Start of Input
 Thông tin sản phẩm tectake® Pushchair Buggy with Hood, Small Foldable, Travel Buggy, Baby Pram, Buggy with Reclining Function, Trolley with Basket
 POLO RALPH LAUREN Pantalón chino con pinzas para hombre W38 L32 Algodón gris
End of Input
Start of Input
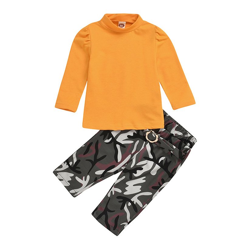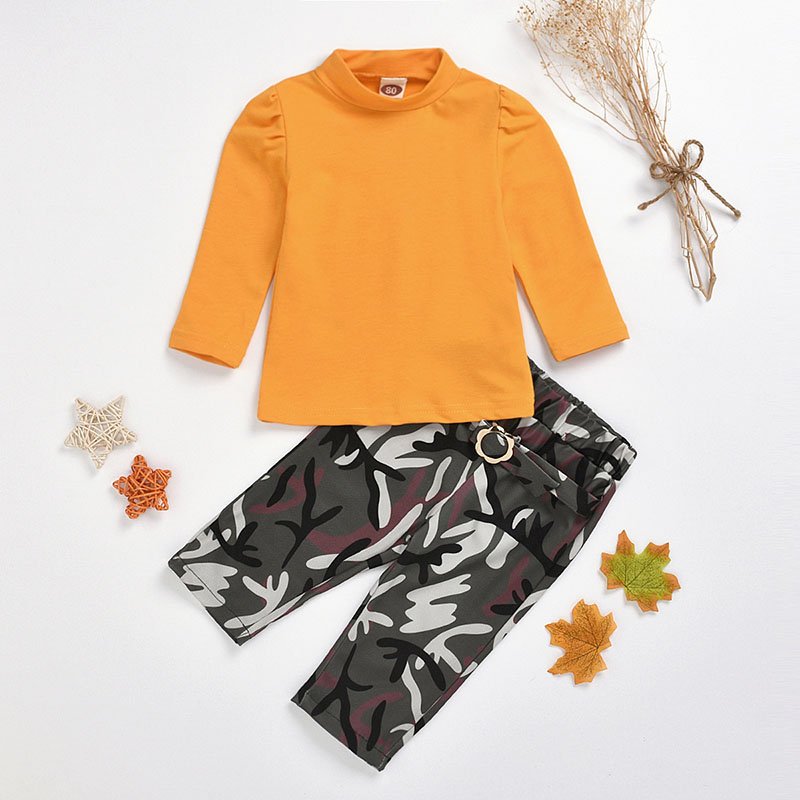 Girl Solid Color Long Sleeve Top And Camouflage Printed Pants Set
End of Input
Start of Input
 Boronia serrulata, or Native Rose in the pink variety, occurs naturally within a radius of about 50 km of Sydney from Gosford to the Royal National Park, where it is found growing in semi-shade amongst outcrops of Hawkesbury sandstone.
End of Input
Reproduce exactly, and with no other material, the lines between those holding "Thông tin sản" and "POLO RALPH LAUREN", inclusive.

 Thông tin sản phẩm tectake® Pushchair Buggy with Hood, Small Foldable, Travel Buggy, Baby Pram, Buggy with Reclining Function, Trolley with Basket
 POLO RALPH LAUREN Pantalón chino con pinzas para hombre W38 L32 Algodón gris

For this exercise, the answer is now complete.